Since they represent investment of tens or hundreds of millions they have to last five years or more before an airline can even think of replacing them. By this time the world off the plane has moved on even further.
Airlines with successful cabin products like London-based British Airways’ Club World have enjoyed fruitful demand for their interiors for years. Club World’s “yin-yang” configuration was first introduced at the turn of the century and has only recently been replaced by a seat with a door. Virgin Atlantic’s “herringbone” Upper Class design is still in successful service nearly twenty years after first being introduced.
Hong Kong flag carrier Cathay Pacific on the other had a false-start with their “Olympus” seat, which was deemed too narrow and proved a costly failure. Their successor “Cirrus” model though has proved a triumph.
An important benefit of Club World, Upper Class and Cirrus was that despite not being the most spacious or visually appealing in the marketplace they are extremely comfortable. Will the latest generation of seats with doors prove as durable? Time will tell, although it is interesting to note that BA’s Club Suite with a door is based on the Qatar Super Diamond, originally designed for Qatar Airways and already considered by its launch customer to be obsolete.
Software is the same, including airline platforms for distribution, revenue management and passenger servicing. Vendors love to accelerate by focusing more on software services rather than products, explaining the success of cloud computing. But ultimately airlines suffer higher costs and history shows that performance is stable at best. Just like other subscription services, it makes airlines more dependent from a business and commercial continuity perspective. Desirable?
Reversing these trends is extremely difficult. Vendors have no incentive to change because airlines are beholden to them. Change must come from the airlines themselves – tricky for an industry where priority number one is always safety and priority number two is always operational reliability.
So how can airlines escape the acceleration trap? I think that the answer lies in modernising enterprise data, using predictive analytics for inter-silo workflows, and applying machine learning, deep learning and automation through artificial intelligence to design better organisations that are goal-centric, i.e. around end experiences as perceived by customers (see article).
By creating new structures in their business that work across conventional departments that tend to operate as silos, airlines will organically foster deeper understanding of what people who buy tickets and actually fly on planes want and need and how these experiences form an integral part in their daily life. This will not always be the same as what hyped-up vendors write about on social media about the travel bug.
Airlines can escape the acceleration trap by emphasising consistency, reliability and good design. Just like Club World and Upper Class, which were so successful for so long because they were extremely comfortable, even if not as spacious as the competitors.
Even in the smartphone age an original iPod with its “wheel” is a pleasure to use and does a great job of playing our favourite tunes for us to enjoy the music and be entertained during a long flight (note, a benefit not a feature).

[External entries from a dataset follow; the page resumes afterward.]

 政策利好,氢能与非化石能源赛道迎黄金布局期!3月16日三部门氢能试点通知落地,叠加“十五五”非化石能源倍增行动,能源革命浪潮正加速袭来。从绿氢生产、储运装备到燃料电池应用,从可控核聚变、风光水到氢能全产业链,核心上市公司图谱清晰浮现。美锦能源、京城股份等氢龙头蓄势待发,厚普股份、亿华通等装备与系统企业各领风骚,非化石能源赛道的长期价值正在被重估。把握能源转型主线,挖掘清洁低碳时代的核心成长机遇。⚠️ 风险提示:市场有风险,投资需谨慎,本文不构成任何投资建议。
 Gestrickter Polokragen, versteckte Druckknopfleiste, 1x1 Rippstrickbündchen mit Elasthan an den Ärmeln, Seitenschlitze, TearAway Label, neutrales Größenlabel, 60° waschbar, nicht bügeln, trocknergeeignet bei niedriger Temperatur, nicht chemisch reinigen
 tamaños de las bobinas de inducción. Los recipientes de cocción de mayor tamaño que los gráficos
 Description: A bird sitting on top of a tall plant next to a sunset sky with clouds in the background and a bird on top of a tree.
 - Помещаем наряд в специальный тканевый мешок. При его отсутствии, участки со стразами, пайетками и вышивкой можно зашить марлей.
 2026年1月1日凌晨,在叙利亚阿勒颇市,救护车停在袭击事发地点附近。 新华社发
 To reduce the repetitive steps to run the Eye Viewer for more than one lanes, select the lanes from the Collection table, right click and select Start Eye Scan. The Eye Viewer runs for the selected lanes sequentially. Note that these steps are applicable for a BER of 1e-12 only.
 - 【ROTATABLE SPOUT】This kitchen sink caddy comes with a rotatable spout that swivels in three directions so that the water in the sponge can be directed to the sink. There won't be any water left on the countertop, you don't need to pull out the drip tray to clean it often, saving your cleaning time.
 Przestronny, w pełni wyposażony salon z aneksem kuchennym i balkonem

It is the same with products developed by airlines for their planes. When passengers can experience a good but older seat on every flight an airline offers, that is much better than a lottery of always having some planes with the great seats and others with clunky ones, no matter how new they might be.
Creating a shift in mindset like this will be tough and depend on airline teams getting “under the hood” to understand what their passengers really want and how they want it presented to them. They need to understand that passengers want to use their devices to shop, do work and entertain themselves in different ways throughout different contexts. If they can do this right a whole new world of revenue potential awaits (see article).